Il Parlamento si inventa il "bollino etico": le aziende non assumono persone con disabilità ma prendono il "premio" se aggiustano la loro immagine
Funziona così: non assumo chi dovrei assumere — tanto mi costa meno pagare la sanzione — poi però, se faccio due aggiustatine di immagine, magari tiro giù una barriera architettonica, magari metto la rampetta con la bolla d’aria dentro, zac: posso concorrere al bollino
In Lombardia, la regione laboratorio della Lega, quella dove “efficienza” è parola d’ordine (ma solo negli slogan), nel 2024 hanno cumulato 80 milioni di euro per non aver assunto 10.000 persone con disabilità. Ottanta. Milioni. Non briciole. Pero in tv e sui giornali ne sospingono 50 autistiche che fanno e servono la pizza strano no?
Poi ci stupiamo se la Ferrari — simbolo del genio italiano, certo, ma con il vizio di sgommare via dagli obblighi — si becca la sua multa milionaria e tutto scivola via come acqua sul marmo.
Perché il punto è semplice: in Italia puoi discriminare per legge, basta che paghi alla cassa.

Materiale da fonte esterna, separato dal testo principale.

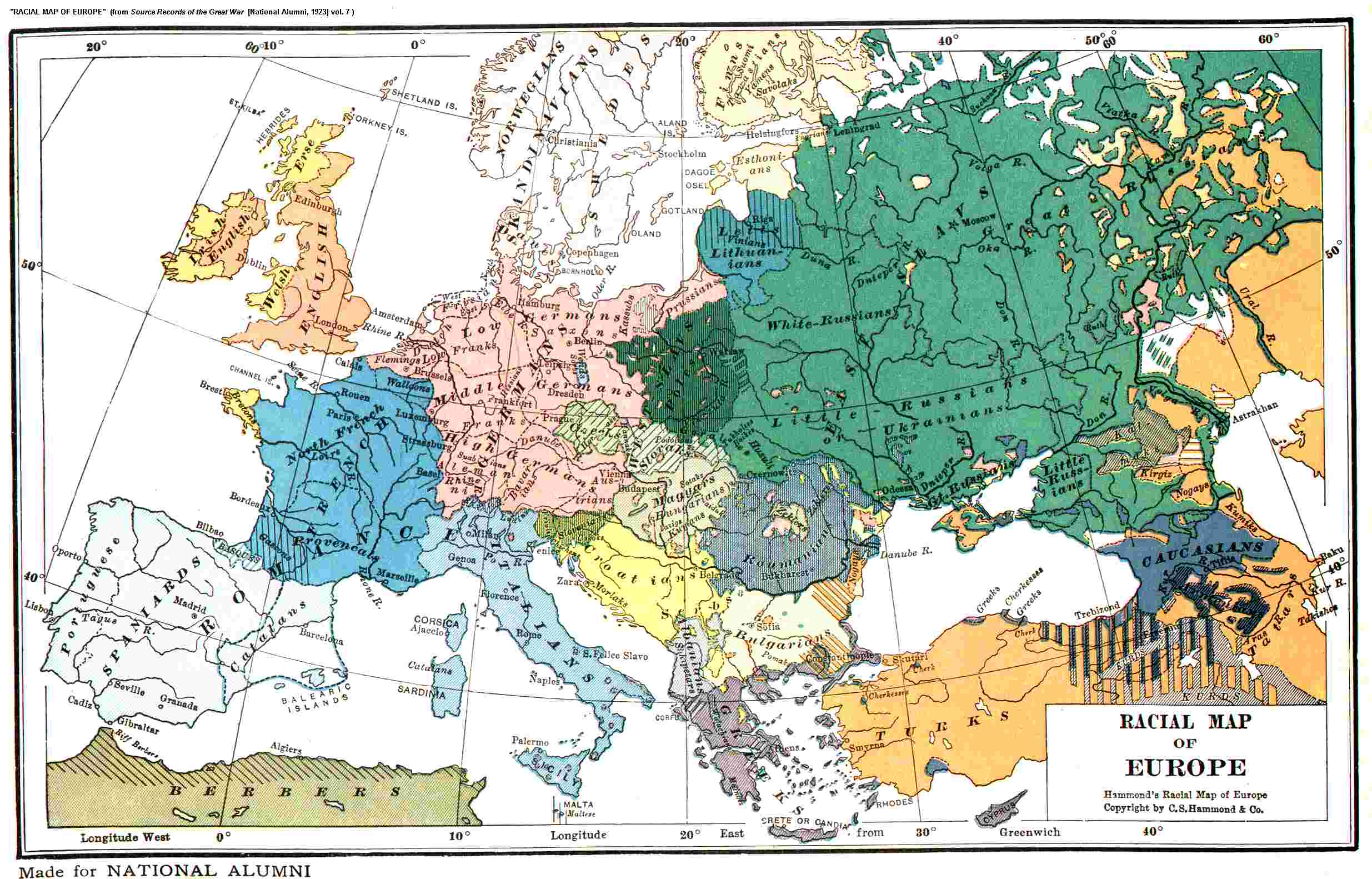 "Racial Map of Europe" (from source records of the Great War. [National Alumni, 1923] vol.7.

È il Paese dove l’inclusione non la si costruisce: la si monetizza. E, se proprio fai il cattivo, lasci pure che siano i dati ISTAT a fare il lavoro sporco e ricordare che la realtà è molto meno patinata dei comunicati dei ministeri.
Ed è qui che arriva il colpo di genio, quello che meriterebbe davvero un applauso a scena aperta: il bollino etico. Il marchio delle aziende “più brave”. Il distintivo del bravo scolaretto che mette la mano sul cuore e dice “io sono inclusivo”.
Funziona così: non assumo chi dovrei assumere — tanto mi costa meno pagare la sanzione — poi però, se faccio due aggiustatine di immagine, magari tiro giù una barriera architettonica, magari metto la rampetta con la bolla d’aria dentro, zac: posso concorrere al bollino.
E se sono proprio virtuoso, se supero il “livello avanzato” (che già suona come la schermata di un videogame per principianti), mi prendo pure qualche premialità negli incentivi pubblici. Capolavoro: prima ti premio quando non fai, poi ti premio quando fai finta di fare.
Nel testo dei senatori si parla di “percorsi misurabili” e “criteri chiari”. Che fa sorridere: in un Paese dove i criteri cambiano a seconda dell’umore del funzionario, l’idea di una “certificazione etica” suona come chiedere a un lupo di rilasciarti il bollino “amico delle pecore”.
E così, mentre le regioni accumulano milioni grazie alle mancate assunzioni, mentre le aziende continuano a preferire la multa al lavoratore, mentre l’inclusione vera resta una voce da convegno, il Parlamento (proposta Lega) si inventa il premio di consolazione il bollino etico per lavarsi la coscienza senza sporcare i bilanci.
Alla fine la domanda è una sola: vogliamo davvero un Paese in cui l’inclusione si misura a punti come la raccolta del supermercato?
Perché se questa è la strada, allora prepariamoci al prossimo slogan: “Assumere no, ma con il bollino fai un figurone”.